Man. Jenny moved out on Saturday. The house feels super weird. She lived with us for almost 2 years, and it worked out better than I think any of us had hoped it would. But...she got a grown up job and her own apartment a few miles away.

The experience of having a friend live with us was great, and we're looking forward to our friend Amanda moving in to the rooms Jen had rented over the next couple of weeks.

In other news, Ben turned 28 today. I made him a pizza with so many toppings that I think it weighed around 8 pounds. He bought himself a snow plow blade for our Cub Cadet riding mower. We watched the movie Eagle vs. Shark. It was great.
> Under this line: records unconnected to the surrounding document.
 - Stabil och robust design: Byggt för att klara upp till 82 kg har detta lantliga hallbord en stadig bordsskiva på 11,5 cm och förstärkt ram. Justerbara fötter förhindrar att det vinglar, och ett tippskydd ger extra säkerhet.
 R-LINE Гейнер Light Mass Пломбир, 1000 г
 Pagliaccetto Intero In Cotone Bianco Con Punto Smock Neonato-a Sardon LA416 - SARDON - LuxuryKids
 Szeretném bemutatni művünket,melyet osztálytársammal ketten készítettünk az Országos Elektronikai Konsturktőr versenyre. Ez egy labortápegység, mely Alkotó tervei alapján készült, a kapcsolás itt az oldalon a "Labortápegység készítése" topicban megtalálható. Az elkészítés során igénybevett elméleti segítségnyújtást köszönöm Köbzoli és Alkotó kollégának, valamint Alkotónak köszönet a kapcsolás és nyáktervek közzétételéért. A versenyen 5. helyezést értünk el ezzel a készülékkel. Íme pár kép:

We also went to my family reunion on Saturday in the holler, but that's a post just on its own. It was funny and sad and heart warming. More on that later.

Wednesday, June 18, 2008

Legit.

So, I heard of 2 occurrences over the past few weeks that I think totally qualify as minor miracles. The first is that a woman I work with had a heart attack in her home, by herself. She was too weak to lift her hand and call 911. She was pretty certain she was going to die when she fell asleep (or passed out) that night. She woke up the next day and went to her doctor who confirmed that she'd had a heart attack. He scheduled an EKG & stress test. She went the next day to a church prayer meeting, where her youth group prayed for her. She goes for the EKG, and it perfectly matches EKGs before the heart attack. There was no damage to her heart whatsoever. Awesome.

The next is, my friends are having a baby. They've been trying to have a kid for years and have used fertility meds to help them conceive. But they totally conceived a kid while they were not taking any such meds. Stellar.
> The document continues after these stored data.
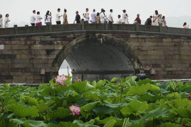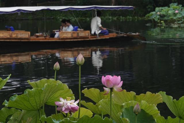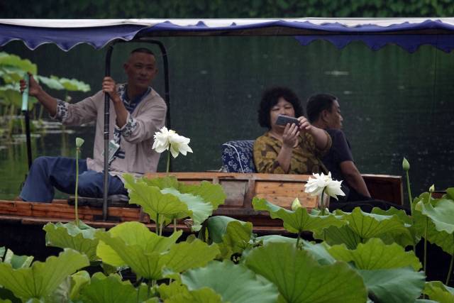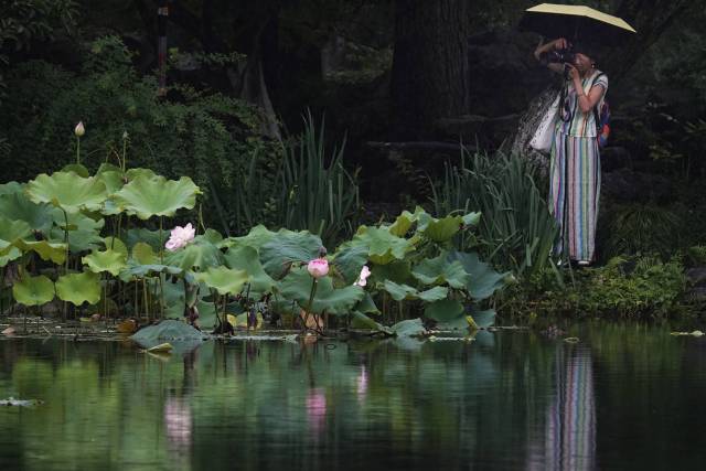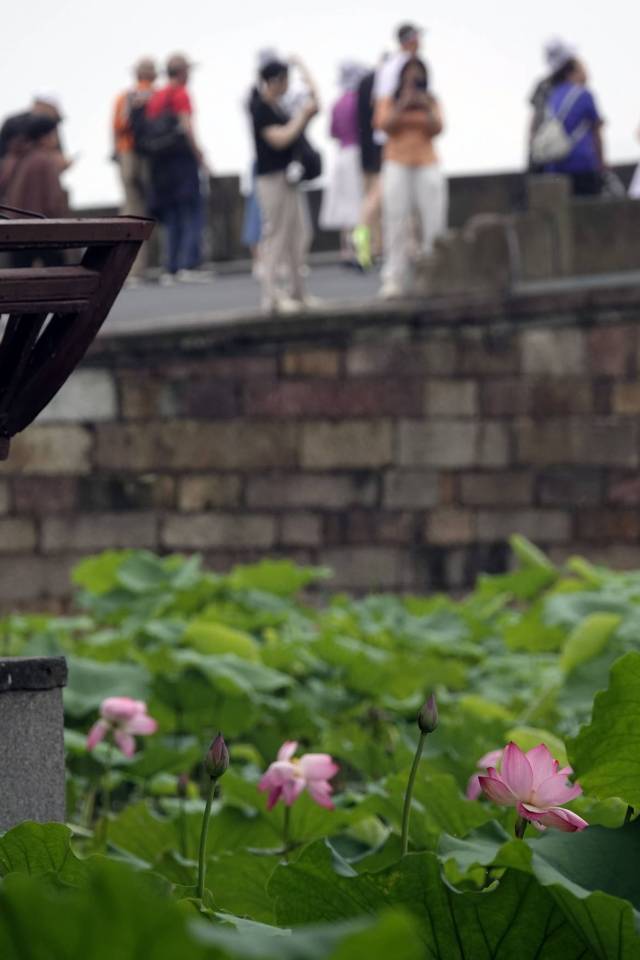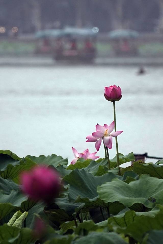 6月9日、杭州西湖では雨の中、市民や観光客が色どりのハスの花を楽しんだ。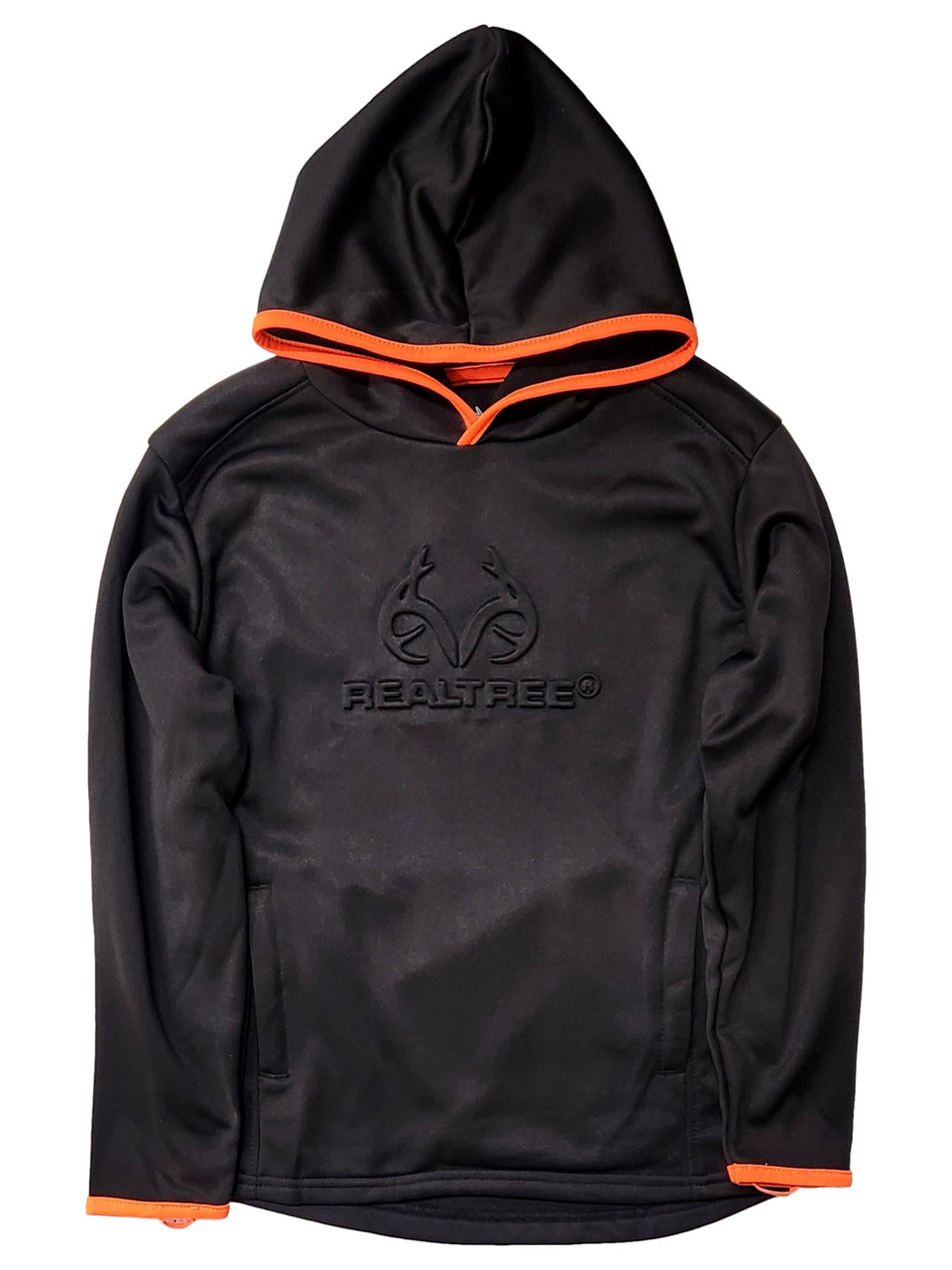 He will love wearing this cool black Realtree hoodie with orange trim and 2 side pockets!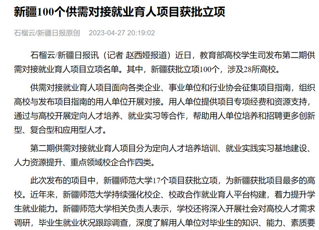 石榴云/新疆日报讯(记者 赵西娅报道)近日,教育部高校学生司发布第二期供需对接就业育人项目立项名单。其中,新疆获批立项100个,涉及28所高校。

In unrelated news, The Happening is one of the all time worst movies I've ever seen. I'm happy to explain in person why you should not spend money seeing this movie.

Monday, June 2, 2008

Sunday, SUNDAY, Sunday!

Yesterday marked one solid week of my husband's failed attempts to contact our beloved, aged, terminally ill friend, Robert. He did not answer the phone, make his doctor's appointments, or come to the door when Ben pounded on it for 7 days. Feeling distressed, with images of Robert fallen down, bruised and bleeding, passed out, or deceased inside his trailer, Ben called the sheriff. He went through the details of why we were so antsy, and the sheriff's office agreed to check things out and call Ben back...but no call came. Around 10pm, I encouraged Ben to call the sheriff's office back. They told him in not-so-nice terms that they were not sending out a deputy, as they had done so many other times and Robert, who is pretty much a gun-toting nut, had threatened them.
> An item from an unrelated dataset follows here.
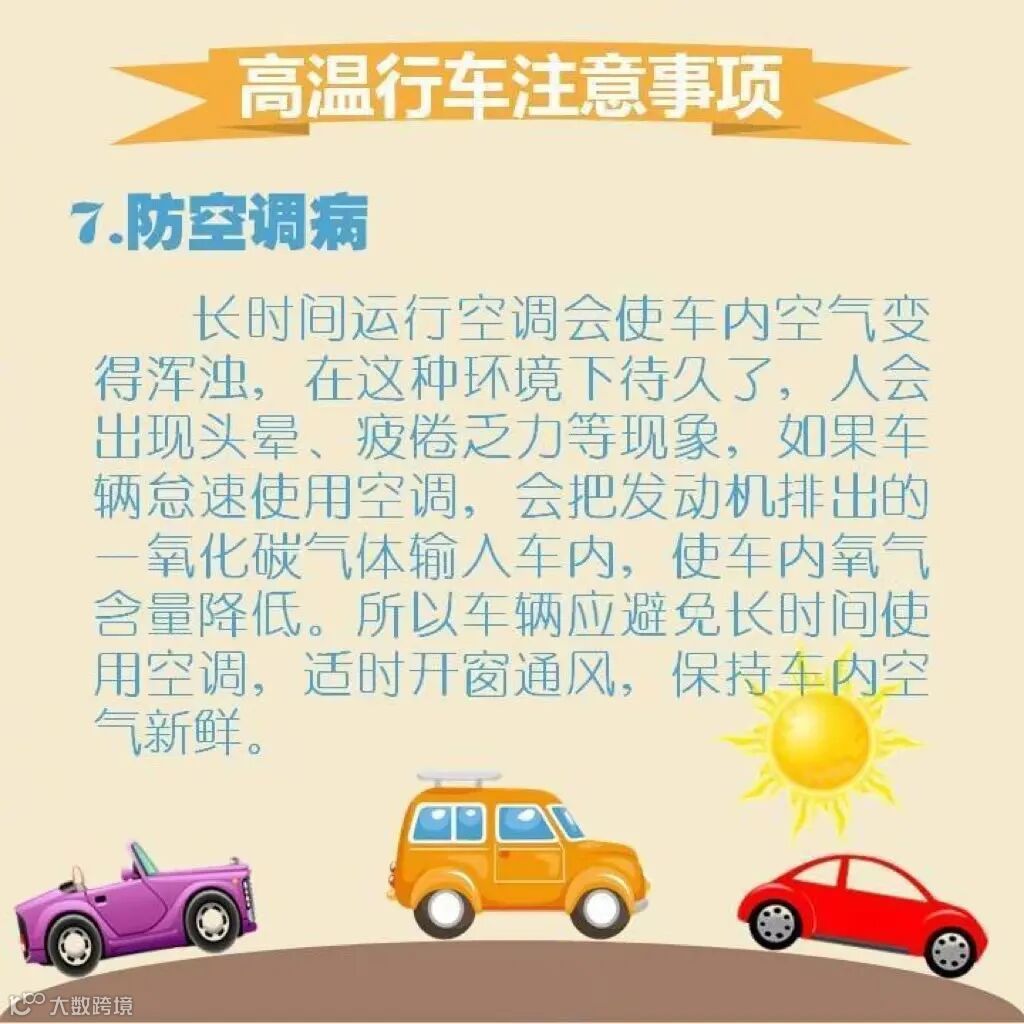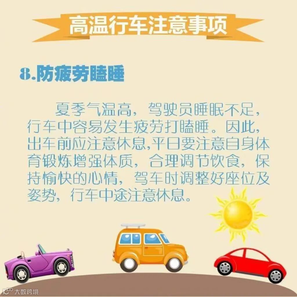 夏季气温高,驾驶员睡眠不足,行车中容易发生疲劳打瞌睡。因此,出车前应注意休息,平日要注意自身体育锻炼增强体质,合理调节饮食,保持愉快的心情,驾车时调整好座位及姿势,行车中途注意休息。

We paced around the house for a few minutes, and decided to drop by the sheriff's office and talk in person. The deputy who we met was much more pleasant face to face. We talked for probably 20 minutes and persuaded him (since he wouldn't give us permission to break into Robert's house) to send a couple of other deputies out with us to check things out. We had to wait to meet the deputies in the AEP parking lot off of Rt. 682, by the railroad tracks so they could follow us out to his house.

That's where I had one of the weirdest, is-this-for-real style moments of my life.

While we were waiting at midnight in the Electric company's parking lot for the sheriff's deputies to take us out to our friend's house to make sure he wasn't dead, I watched a train approach the crossing right next to us at full speed. At first, I didn't think the crossing bars and lights were going to activate, but then they did, right at the last second. The conductor was caught off guard, I think, and "slammed on the breaks" of the train right in front of the intersection. Right at that second, an ambulance pulled up, lights flashing, to the far side of the crossing and had to wait for the train to go by. At the same time, some guy on a bicycle, smoking a cigarette, pedaled up to the crossing right in front of us. He pulled up beside this crappy white car and started giving the passenger directions somewhere. All this while a train is screeching, trying to slow down. And then, as quickly as it formed, the scene dissolved.

The deputies arrived a few minutes later and followed us to our friend's house. A TV was on in his trailer that hadn't been on earlier, and they had Ben pound and pound on the door. I pounded on the side of building, too. Eventually, we hear rustling near the room with the TV glow. Robert managed to hobble, shirtless and disoriented, to the front door. I thanked the deputies and sent them on their way. Ben talked with Robert and discovered that his phone was broken. We're pretty sure that Robert was unconscious for a lot of the past week, but he's the kind of stubborn SOB who doesn't accept things like ambulance rides, so we promised to help him sort out his phone problem and went home to bed.